A set $S \subset \mathbb{R^3}$ is a regular surface iff, for every point $p$ in $S$ there is a function $\phi: U \subset \mathbb{R}^2 \to W = V \cap S$, called a parametrization of $p$, where $U$ is open in $\mathbb{R^2}$ and $V$ is open in $\mathbb{R^3}$, satisfying
1 - $\phi$ is $C^\infty$
2 - $\phi$ is a homeomorphism
3 - For every $X \in U$, the differential $dq_X: \mathbb{R^2} \to \mathbb{R^3}$ is injective.
I've read the following solution:
Consider $D = \{(x, y, z) \in \mathbb{R}^3 : |(x, y)| \leq 1 \land z = 0\}$. Assume, for contradiction, that $D$ is a regular surface. Let $p \in D$ with $|p| = 1$. Take a parametrization $\phi: U \subset \mathbb{R}^2 \to W \subset D$ of $p$. Without loss of generality, assume $\frac{\partial (x, y)}{\partial(u, v)} \neq 0$. Consider $\pi \circ \phi: U \to \mathbb{R}^2$, where $\pi: \mathbb{R}^3 \to \mathbb{R}^2$ is given by $(x, y, z) = (x, y)$.

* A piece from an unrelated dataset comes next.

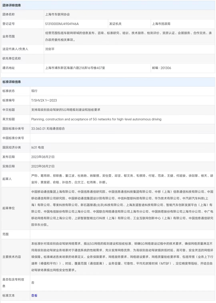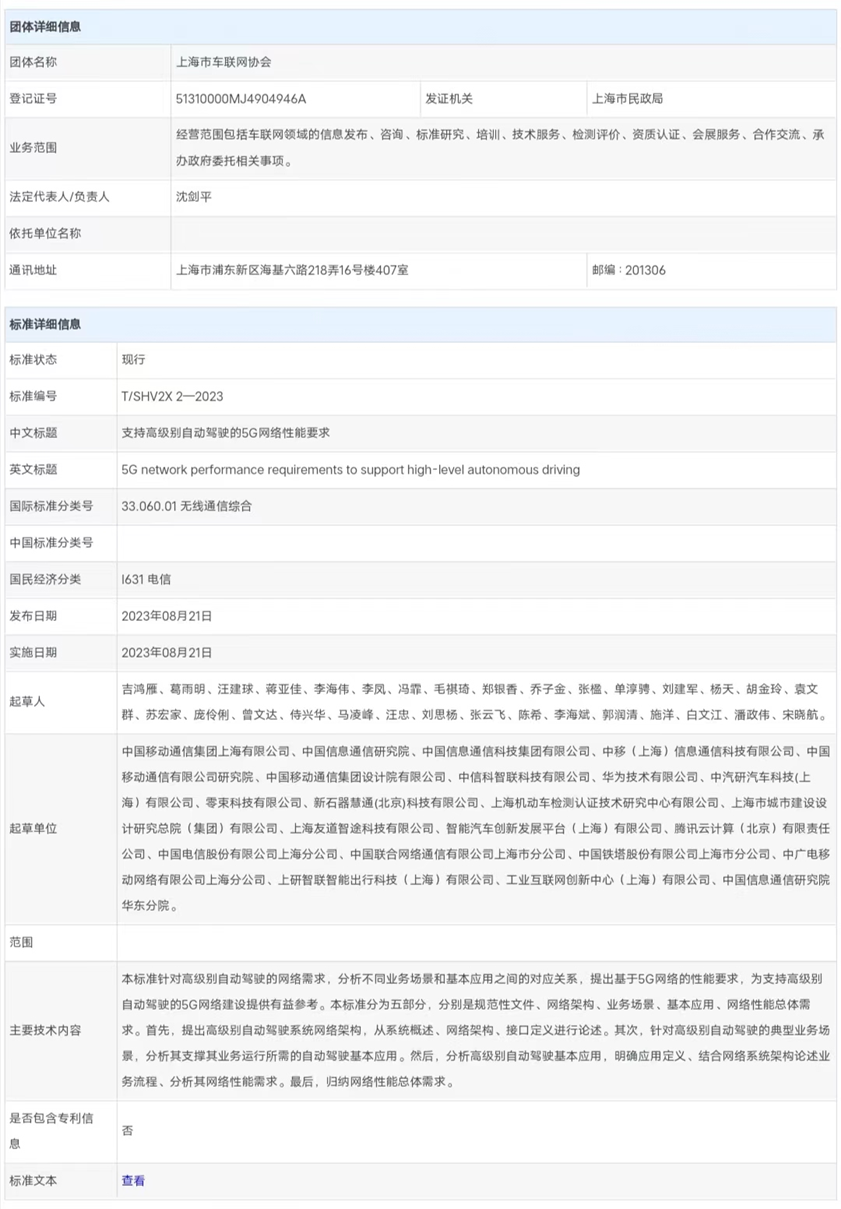 据上海市通信管理局消息,8月21日,在上海市通信管理局的指导下,由上海移动和中国信息通信研究院牵头组织二十余家标准起草单位共同参与编写的《支持高级别自动驾驶的5G网络规划建设和验收要求》和《支持高级别自动驾驶的5G网络性能要求》等两项团体标准正式发布施行。这是国内首部支持高级别自动驾驶的5G网络性能和建设验收标准,填补了国内外相应标准的空白,为上海市智能网联汽车创新应用和产业发展打下了坚实的标准基础。

By the inverse function theorem, there are neighborhoods $V_1$ and $V_2$ of $q = \phi^{-1}(p)$ and $\pi(p)$ respectively, such that $\psi = (\pi \circ \phi)|V_1: V_1 \to V_2$ is a homeomorphism. Thus, $D$ cannot be a regular surface because $V_2$ is not an open set in $\mathbb{R}^2$.
But it seems to me that there is no contradiction in $\psi(V_1) = V_2$ unless you use a stronger argument, such as the theorem of invariance of domain. So, I don't know how to prove that $D$ is not a regular surface, and the proof above seems wrong. Do you have any suggestions on how to prove it without appealing to algebraic topology?